How to find DKIM record without selector?

Email marketer from Mailhardener states that DKIM selectors let you publish multiple DKIM keys for different purposes, senders, or servers using the same domain. Finding the public DKIM key without knowing the selector is going to be nearly impossible because it can't be queried.

Email marketer from EmailSecuritySPF shares that DKIM selectors help to differentiate between multiple DKIM keys and records, if the selector isn't known then you're unable to identify the corresponding TXT record in DNS.

Email marketer from Stackoverflow states that if you don't have the selector, it's almost impossible to find the DKIM record. You would need to guess the selector, which is usually something descriptive like 'google', 's1', or 'default'.

Email marketer from Spamresource shares to identify the DKIM selector you will need to review email headers of emails that have been signed by that domain. Look for the DKIM-Signature.

Email marketer from Web Hosting Talk suggests to check with your ESP as some will make it available on the user interface. Otherwise checking mail headers for a DKIM signature is required.

Email marketer from EasyDMARC suggests using their DKIM record lookup tool, but states that you need to know the selector to use it.

Email marketer from Reddit shares the selector will be within the email header and called 's='. The email header parameter will be called DKIM-Signature

Email marketer from Email Geeks shares additional tips, including performing MX Lookup to detect the domain and perform DKIM Lookup accordingly. Also shares to use EasyDMARC domain scanner which performs DKIM Lookup with selectors in their DB.

Marketer from Email Geeks explains you need the selector and the signing domain to find the public key and you can find the selector in the DKIM-Signature header of an email from the source.

Email marketer from MXToolbox explains that a DKIM selector is required to perform a DKIM lookup. Try to find the selector used by the sending server by looking at the email headers of a message sent from that domain. View source of an email and then look for DKIM-Signature.

Email marketer from Reddit shares that DKIM records are located in the DNS settings of your domain, you will need to access your domain's DNS records through your DNS provider (e.g., GoDaddy, Cloudflare, Namecheap, etc.).

Email marketer from Valimail shares that finding a DKIM record without knowing the selector is difficult. They suggest that if you control the sending domain, check the DKIM settings in your email service provider's control panel. If you don't control the domain, try to find the selector used by the sending server by looking at the email headers of a message sent from that domain.

Marketer from Email Geeks explains that you have to have the exact selector to perform a DNS TXT record lookup. For example: If s=emailgeeks and d=example.com then the DNS TXT record to lookup is emailgeeks._domainkey.example.com. The selector is required to complete the DNS lookup.

Expert from Word to the Wise explains to check authentication you need to use mailfrom, and not just the header from.

Expert from Word to the Wise explains that having multiple DKIM keys is not a good idea and it is better to not do this, if you do then one signing key will clobber the other signing key.

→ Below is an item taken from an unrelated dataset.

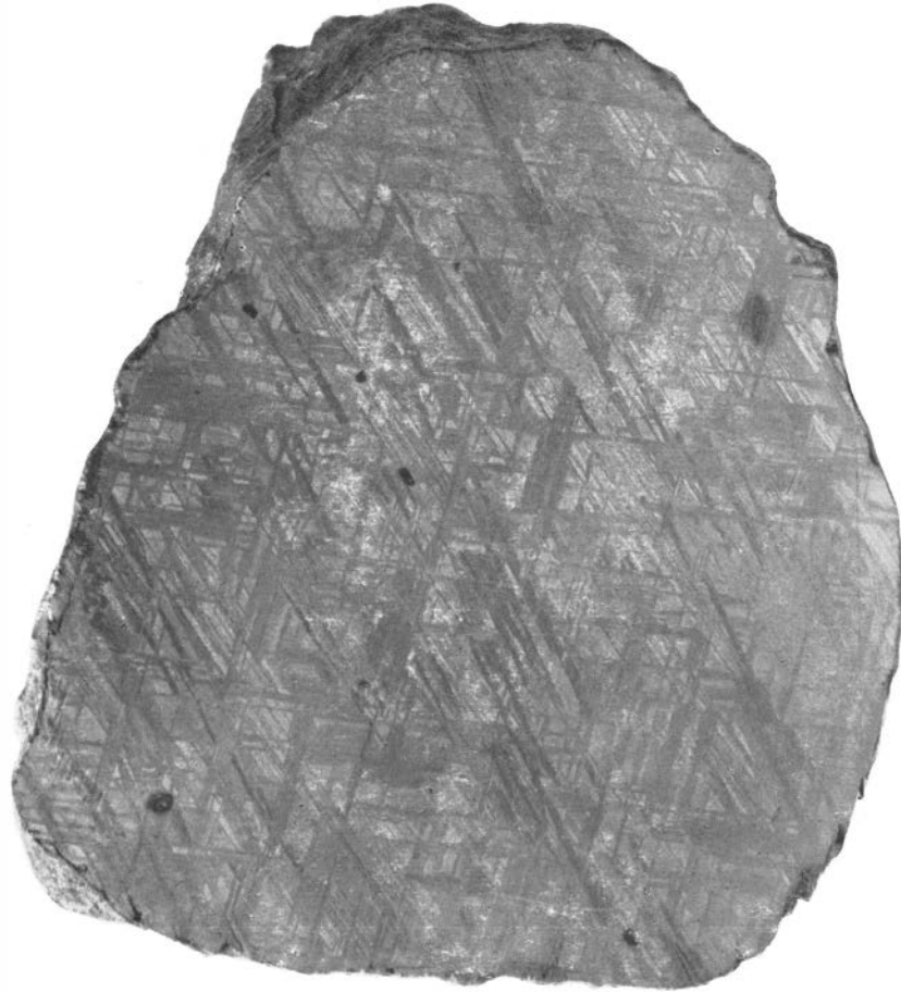
Fig. 3. Geätzte Schnittfläche des Eisenmeteorits. Natürl. Grösse.

Expert from Spamresource shares to identify the DKIM selector you will need to review email headers of emails that have been signed by that domain. Look for the DKIM-Signature.

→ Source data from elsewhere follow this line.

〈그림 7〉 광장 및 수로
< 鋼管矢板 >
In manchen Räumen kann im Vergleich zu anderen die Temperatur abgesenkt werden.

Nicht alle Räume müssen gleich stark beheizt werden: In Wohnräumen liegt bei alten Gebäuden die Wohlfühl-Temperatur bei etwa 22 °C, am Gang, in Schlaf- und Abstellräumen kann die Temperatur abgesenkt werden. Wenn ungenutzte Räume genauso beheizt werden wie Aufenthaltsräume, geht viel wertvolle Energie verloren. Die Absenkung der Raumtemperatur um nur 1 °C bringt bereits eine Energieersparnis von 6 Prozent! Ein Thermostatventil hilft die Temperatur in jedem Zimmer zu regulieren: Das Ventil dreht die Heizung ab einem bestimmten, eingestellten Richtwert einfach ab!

Expert from Email Geeks shares that you may be able to guess the selector using xnnd.com.

Documentation from DMARC Analyzer explains that a DKIM selector is used to publish multiple DKIM keys for a single domain. This allows a domain to rotate keys more easily and use different keys for different services or subdomains. Without the selector, it's not possible to query for the correct DKIM record.

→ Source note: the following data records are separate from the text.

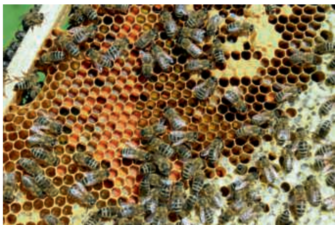
Für den Erhalt von Bienen in Bruchsal und Umgebung sucht der Projektgarten Heubühl Bienenpaten.

Die Bienenpaten (maximal fünf Teilnehmer) erhalten einen Einblick in die faszinierende Welt der Honigbienen. Ab März 2019 lässt Sie der Imker Martin Rausch bei vier Samstagsterminen an seinem Wissen über Theorie und Praxis der Bienenhaltung teilhaben. Die Patenschaft beinhaltet unter anderem vier Termine mit dem Imker, zwei Gläser Heubühl-Honig und eine persönliche Patenschaftsurkunde. Zusätzlich werden fünf Förderpatenschaften angeboten, für alle die das Bienenprojekt im Projektgarten Heubühl generell unterstützen möchten. Die Förderpaten erhalten zwei Gläser Heubühl-Honig sowie eine Förderpatenurkunde.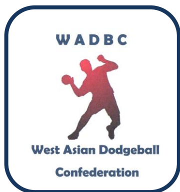
کنفدراسیون داژبال غرب آسیا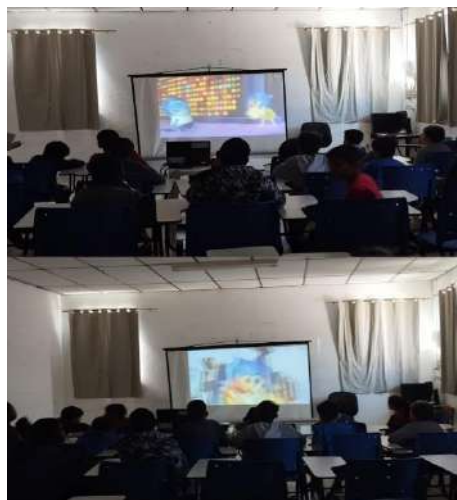
Filme Divertidamente 1 e 2 Psicossocial 26/08/2024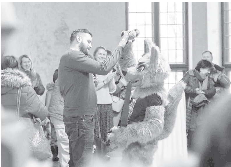
Mednieku stāsti un dzīvnieku un putnu izbāzeņi apskatāmi Cesvaines pilī un Cesvaines tūrisma centrā. Medniekus sveica arī vietējais Cesvaines pils vilks

Documentation from RFC6376 (DKIM standard) explains that the selector is a string used to locate the correct public key. A domain can publish multiple DKIM keys, and the selector indicates which key was used to sign a particular message. Without the selector, the receiving server cannot determine which key to use for verification.

Documentation from Google Workspace Admin Help explains that the DKIM selector is a string that distinguishes multiple DKIM keys for a single domain. It's a name you give to your DKIM key, and it can be anything you want, but it must be unique.

Documentation from Cloudflare explains DKIM records are stored in DNS as TXT records. The name of the record follows a specific format: [selector]._domainkey.example.com, where [selector] is the DKIM selector and example.com is your domain.